4 de julho de 2024

Comboio

Recentemente houve lugar para uma aventura inédita. Há sempre lugar para aventuras, se forem inéditas certamente haverá mais adrenalina.

Na província de Sofala, a deslocação entre a Beira e Marromeu representa cerca de 300Km e faz-se por duas opções:

1.   Estrada: dizem as pessoas da zona que está péssima, que na melhor das hipóteses partimos o carro e a coluna. Na pior das hipóteses…bem…não perguntei.

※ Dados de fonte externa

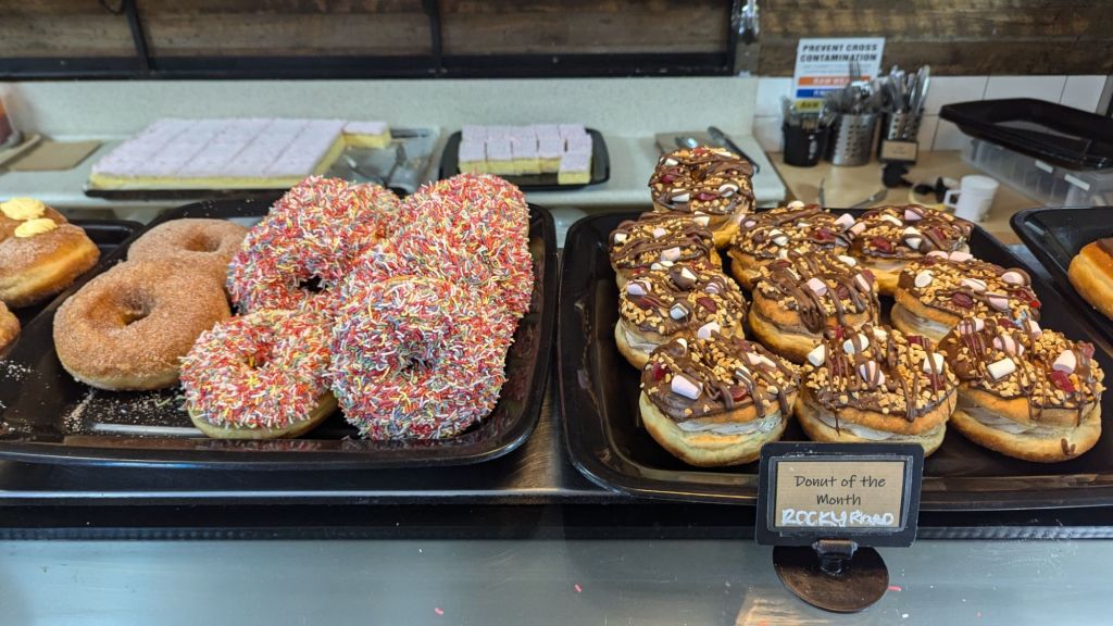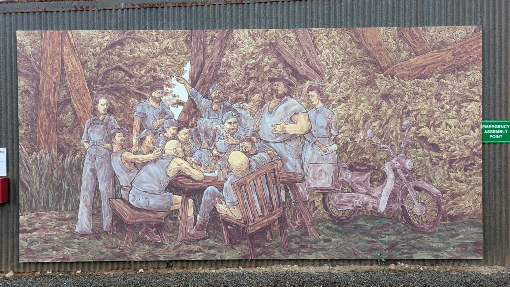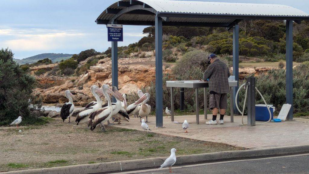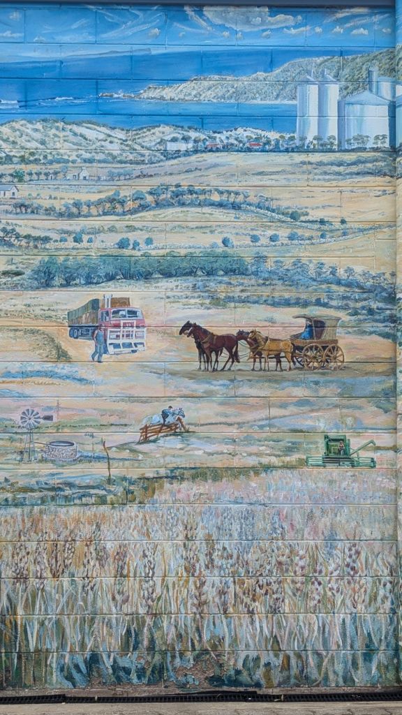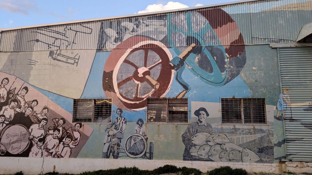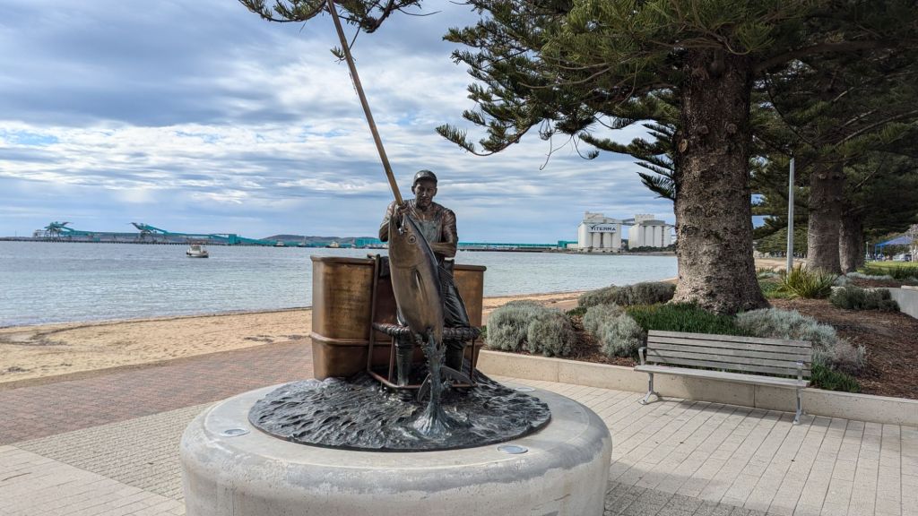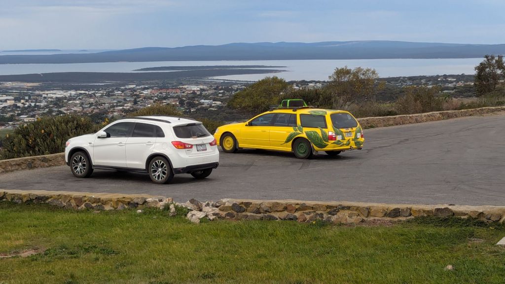 May have found the best Strawberry donut of the trip. Tumby Bay BakeryOne of many murals in Tumby Bay, this one looked new AND has a motorcycle in itAnother Black Stump. Note that this is a fireproof replacement for the OG one that burnt to nothing in a bushfire…Stopped at about 10 Historical Markers today, this made the faves cutSilos dominate the Winter Hill lookout at Port Lincoln. Binoculars reveal multiple nets which i can only assume were Tuna relatedAppreciated the effort this bloke put into colour coordinating not just the rear wheels, but also the tie downs on his ex Melbourne Taxi round Australia camper vanRoad-train country, Port Lincoln Grain Export TerminalSome well fed pelicans at Port Lincoln MarinaNice arid garden in Port LincolnPort Lincoln in one pic, Tuna fishing with the grain export terminal in the background. And yes. I know they fish for plenty of other seafood 😉Oysters and prawns for lunch in Coffin BayWaves a crashing at Locks WellCouple of fellas fishing off the beachPanoramic shot!Found a shortcut from Murphys Haystacks into Streaky BayMy favourite small section of the wraparound mural at EllistonGot into Streaky Bay in time for a sunset walk on the jettyAnd a mural with a sidecar to wrap the day up But then i saw this lLexus turn into the pub carpark, In chatting with the driver we found out that the SA Governor is touring the Eyre Peninsula.
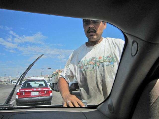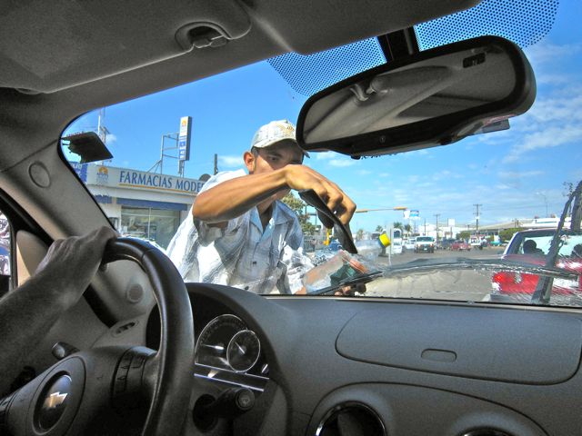 No matter that your window was cleaned at the last intersection, they 'try' to do it at each stop. Anything for a few pesos.
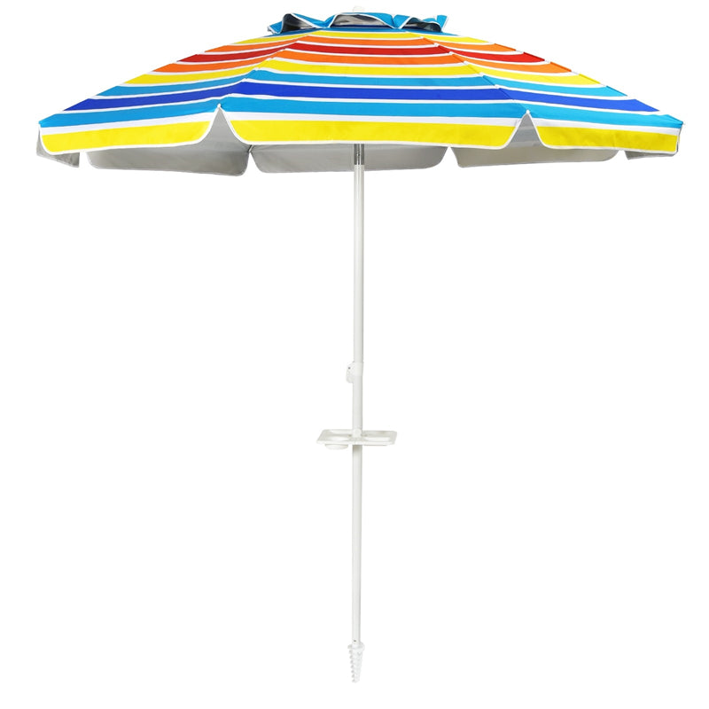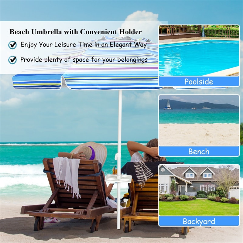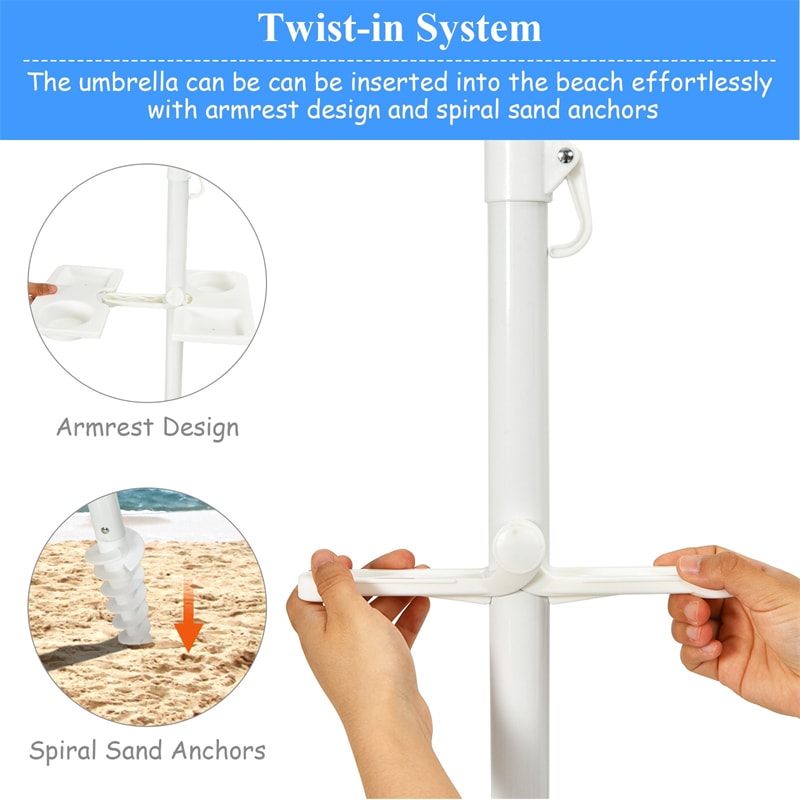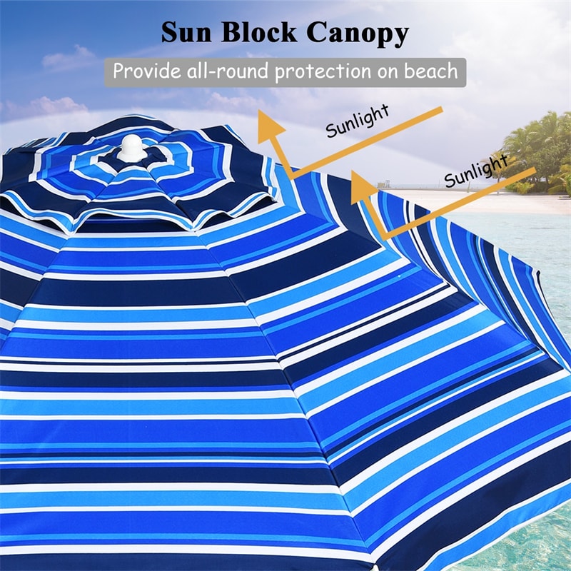 7.2 FT Portable Outdoor Beach Umbrella with Sand Anchor and Tilted Pole
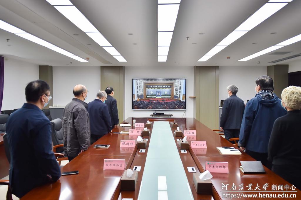 12月6日清晨,学校下半旗志哀。上午10时,在校校领导、校党委委员、有关职能部门负责人在龙子湖校区综合楼318会议室集中收看追悼大会。会议室庄严肃穆,参会人员怀着悲痛的心情,集体默哀3分钟,并跟随追悼大会齐唱中华人民共和国国歌,认真聆听悼词,满怀敬意地送别江泽民同志。参会人员一致表示,要响应党中央号召,化悲痛为力量,赓续红色血脉、续写奋斗篇章,更加自觉地团结在以习近平同志为核心的党中央周围,深入学习宣传贯彻党的二十大精神,提振士气、踔厉奋发,为全面建设社会主义现代化国家、全面推进中华民族伟大复兴贡献农大力量。
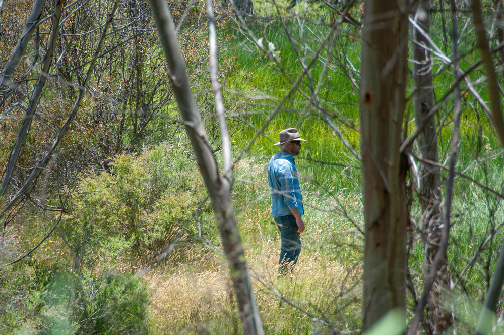 The Ecotone: Visualising Cross-talk of 'The Gully' began when I was invited by The Painted River Project in partnership with Gundungurra Traditional Owners, led by respected custodian David King, to join an on-site meeting at 'The Gully', Garguree. My work started in earnest after I was warmly welcomed by David on my first site visit. I was deeply moved by the narrative he shared, which intricately wove together the themes of cultural displacement, the reclamation of family and identity, and environmental regeneration—all centred around the significance of 'The Gully', Garguree. David's account of the history, including the challenges of forced housing, the subsequent demolition of those very homes and the site itself to make way for a racetrack, left an indelible impression on me. His role as a custodian, graciously welcoming me onto Country and generously sharing the site's cultural significance, evoked an overwhelming sense of respect and gratitude. As a visiting media artist and designer, I couldn't help but grapple with my own sense of impostership, but David made me feel welcome. Despite the adversities faced, the unwavering dedication of David's family to regeneration initiatives and community-building efforts instilled in me a resolute sense of hope for the future of the site and the need for enduring preservation of Aboriginal cultural heritage—Songlines recounted, reconnected, retraced, and continuing!
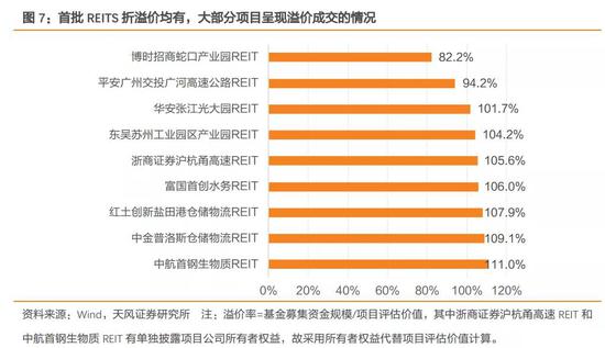(2)REITS投资价值判断的核心是资产估值,首批上市REITS项目均采用收益法估值,即对未来现金流进行折现。收益法下,需要重点关注受益期限、未来收入及预期增长、运营成本、折现率等。首批REITS项目未来收入及预期增长、运营成本等预期相对合理,折现率整体较高,但部分项目受益期限较短。综合来看,首批REITS具备较高的投资价值,近两年预期分红比例较高,提高了收益的确定性和吸引力,市场也给予了大部分项目溢价认购。
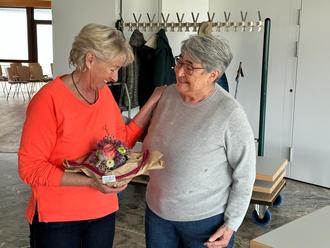 Karin Schupp (rechts) bedankt sich bei Gedächtnistrainerin E. Schmid (links)

Já tive tempo de aprender que, em África, se as pessoas da zona dizem “não faças”, eu não farei;  

2.     Comboio: comboio nocturno com tempo previsto de viagem de 11 horas e com promessa de cabines com camas para dormir.



A decisão foi fácil e como nunca tinha andado de comboio em Moçambique, o entusiasmo era grande.

A experiência começa com o apreciar da estação de comboios da cidade da Beira, uma herança colonial bonita e ainda em estado de conservação positivo.




Três horas antes da partida a estação enche-se de pessoas, malas e sacos. Fico com a impressão que vão partir 3 comboios ao mesmo tempo, mas a verdade é que o comboio para Marromeu terá à volta de 20 carruagens e carrega muita coisa.





O interior das carruagens de 1ª e 2ª classe, deixem-me que vos diga, está impecável. Carruagens novas e casas de banho (sempre um factor sensível) em condições.


A linha já teve melhores dias e na maior parte do trajecto imaginei estar numa espécie de montanha russa, desejando a cada salto que não houvesse descarrilamento.


Mas voltemos ao interior. Cabines de 4 e 6 camas, que estão em óptimas condições. Ar condicionado e limpeza assegurados. Partida pontual às 18h.


Na viagem partilhei a cabine com passageiros frequentes e, em jeito de meter conversa perguntei: “então, a que horas devemos chegar a Marromeu?”. A pronta resposta foi sincera, mas preferia que não fosse: “bem, se nada acontecer, chegamos lá às 5h. Se avariar ou descarrilar podemos levar 2 dias”. Relembro que estamos a falar duma distância de 300Km, numa área muito pouco povoada de Moçambique. O comboio já avançava os primeiros metros.

Houve necessidade de recorrer a um farnel reforçado, não faltando boa disposição e gargalhada.


A chegada a Marromeu foi à hora prevista, sem percalços. A mente demora a processar a chegada pelo lusco-fusco do nascer do sol e pelo corpo amassado no trajecto. Consegue-se ir deitado nas camas, é verdade, mas ao longo da viagem parecemos pipocas a saltar na panela e o sono faz-se com um olho aberto.

O cais de Marromeu é pequeno. Tem espaço para 3 ou 4 carruagens.


Como o comboio tem cerca de 20 carruagens a descida dos restantes passageiros (eu incluído) faz-se saltando directamente para a linha, antes ou depois das malas e sacos, conforme a estratégia de cada um.


Ao sair do comboio, queríamos comprar os bilhetes de regresso, para assegurar lugar. O comboio entre a Beira e Marromeu é único e sempre nocturno, o que significa uma noite para cima e a seguinte para baixo. Assim, contaríamos em comprar bilhete para o regresso, a duas noites de distância.

A resposta da bilheteira surpreendeu a nossa expectativa, mas agora que penso a frio, tem toda a lógica! Recusaram vender bilhete pois não têm a certeza de que o comboio fará os dois próximos trajectos sem avaria ou descarrilamento (vejo este conceito a repetir-se!). Só vendem bilhetes quando o comboio regressar ao cais e houver quase a certeza de que irá funcionar e iniciar mais uma viagem.

À despedida pisquei o olho à locomotiva, por agradecimento e esperança.